Hands of a guy on laptop keyboard

Compromise and compromised

Published on 26 August 2012
Updated on 05 April 2024

‘Your account has been compromised.’ This was how I was informed that my Twitter account had been hacked and somebody had started sending messages on my behalf. I changed the password and solved the problem, but this incident made me think of using the word ‘compromise’.

If linguistic unfairness exists, it could be applied to the word ‘compromise’. Throughout history, wars were avoided, lives were saved, and dignity was observed through the use of compromise. Yet, compromise is now used with suspicion or, in the case of Internet security, in a negative context.

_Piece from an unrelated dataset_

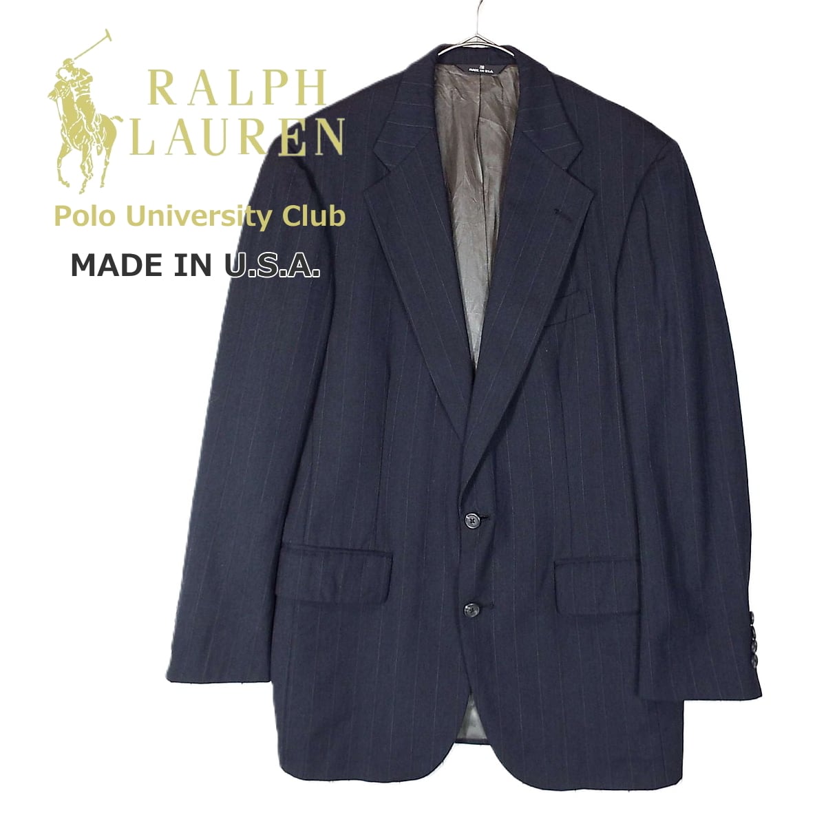 80年代 USA製 Polo University Club by Ralph Lauren ラルフローレン 2B ストライプ テーラードジャケット ダークグレーブラック Mサイズ【湘南倉庫】80's USメンズ古着 16000070

Before we discuss this linguistic unfairness, let us check the etymology. Compromise is a Latin word consisting of com (together) and promittere (to promise). Originally, it meant the joint promise of two sides to solve problems, usually through arbitration. I did not make a joint promise with those hackers or cybercriminals who hacked into my Twitter account.

Compromise has been the primary way of solving conflict among individuals, groups, and countries since the beginning of humanity; it is the primary tool of diplomacy.

At the core of compromise, there is empathy, if not sympathy, for others. We have the capacity first to understand the emotions of others and, second, to respond emotionally to those emotions. This is one of the leading human traits, one very often neglected in the modern era mantra of maximising self-interest regardless of others.

By being ready to compromise, we understand the views, needs, and emotions of others, and we try to accommodate them by either adjusting our approach or, sometimes, by giving up on our claims partially.

Compromise is not a naïve and utopian approach, as it tends to be perceived in modern utilitarian thinking. Compromise is very pragmatic, and one can argue that the main constituent of maintaining social fabric and trust, both within countries and between them. Much has been written recently about trust (or, more precisely, the lack of it). But very little has been written on the importance of compromise (and empathy) in achieving that trust.

The importance of compromise in diplomacy could be realised if we consider all possible conflicts that could have happened and those that occurred in reality.

The high relevance of compromise for human society is in opposite proportion to the low ranking of its relevance in public perception. Language is a good detector of collective unconsciousness. This text was triggered by the linguistic use of the term ‘compromised’ for the hacking of my account. In the former communist countries, one stigma was to be declared a compromiser.

In many societies, compromise is perceived with suspicion. Compromise particularly suffers in the clash of one truth, whether ideological and religious. One truth, one leader, one whatever… this cannot tolerate compromise. Faced with the reality and complexity of human society, even the strictest ideologies and religions have to compromise.

While we discuss the high relevance of compromise in society, we should keep in mind that it is not always good. There are rotten compromises, as was the Munich compromise with Hitler. Compromises that cannot support humanity and human dignity must be avoided.

So, how do we close this gap between the importance of and appreciation for compromise in modern society? Any progress will take time. Philosophers should think more about justifying the high ethical relevance of compromise. All of us should try to preserve our trait of empathy in this fast-changing world. Empathy is the first step towards compromise.